What is CURE?

CURE represents Clustering Using Representative. It is a clustering algorithm that uses a multiple techniques to make an approach that can manage high data sets, outliers, and clusters with non-spherical architecture and non-uniform sizes. CURE defines a cluster by using several representative points from the cluster.

These points will taking the geometry and architecture of the cluster. The first representative point is selected to be the point farthest from the middle of the cluster, while the remaining points are selected so that they are farthest from all the earlier selected points. In this method, the representative points are associatively well distributed. The multiple points chosen is a parameter, but it was discovered that a value of 10 or more operated well.

Because the representative points are selected, they are diminished toward the center by a factor,𝛼. This support moderate the effect of outliers, which are generally further away from the center and therefore, are shrunk more. For instance, a representative point that was a distance of 10 units from the center can change by 3 units (for 𝛼 = 0.7), while a representative point at a distance of 1 unit can change 0.3 units.

CURE takes benefit of specific characteristics of the hierarchical clustering process to remove outliers at two multiple points in the clustering phase. First, if a cluster is increasing slowly, then this can mean that it includes mostly of outliers, because by definition, outliers are far from others and will not be combined with different points very often.
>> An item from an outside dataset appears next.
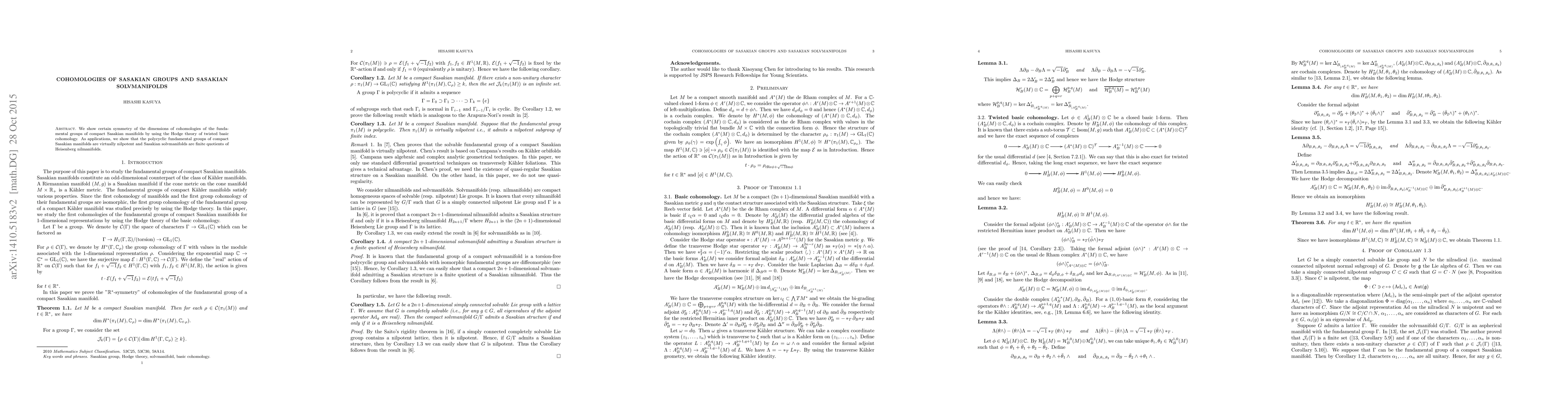 We show certain symmetry of the dimensions of cohomologies of the funda- mental groups of compact Sasakian manifolds by using the Hodge theory of twisted basic cohomology. As applications, we show that the polycyclic fundamental groups of compact Sasakian manifolds are virtually nilpotent and Sasakian solvmanifolds are finite quotients of Heisenberg nilmanifolds.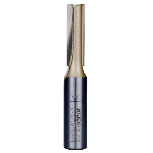 Straight router bit with two carbide flutes for use in grooving, rebating and mortising. Ideal for use with timber, MDF, chipboard and ply. Suitable for shallow plunging into softwoods.

In CURE, this first procedure of outlier elimination generally appears when the number of clusters is 1/3 the initial number of points. The second procedure of outlier elimination appears when the multiple clusters is on the order of K, the multiple desired clusters. At this point, small clusters are removed.

Because the worst-case complexity of CURE is $\mathrm{O(m^2logm)}$, it cannot be used precisely to high data sets. CURE uses two methods to speed up the clustering procedure. The first method takes a random sample and implements hierarchical clustering on the sampled data points. This is followed by a last pass that creates each remaining point in the data set to one of the clusters by selecting the cluster with the nearest representative point.

In some cases, the sample needed for clustering is high and a second more technique is needed. In this situation, CURE partitions the sample data and clusters the points in every partition. This pre-clustering procedure is followed by a clustering of the intermediate clusters and a last pass that creates each point in the data set to one of the clusters.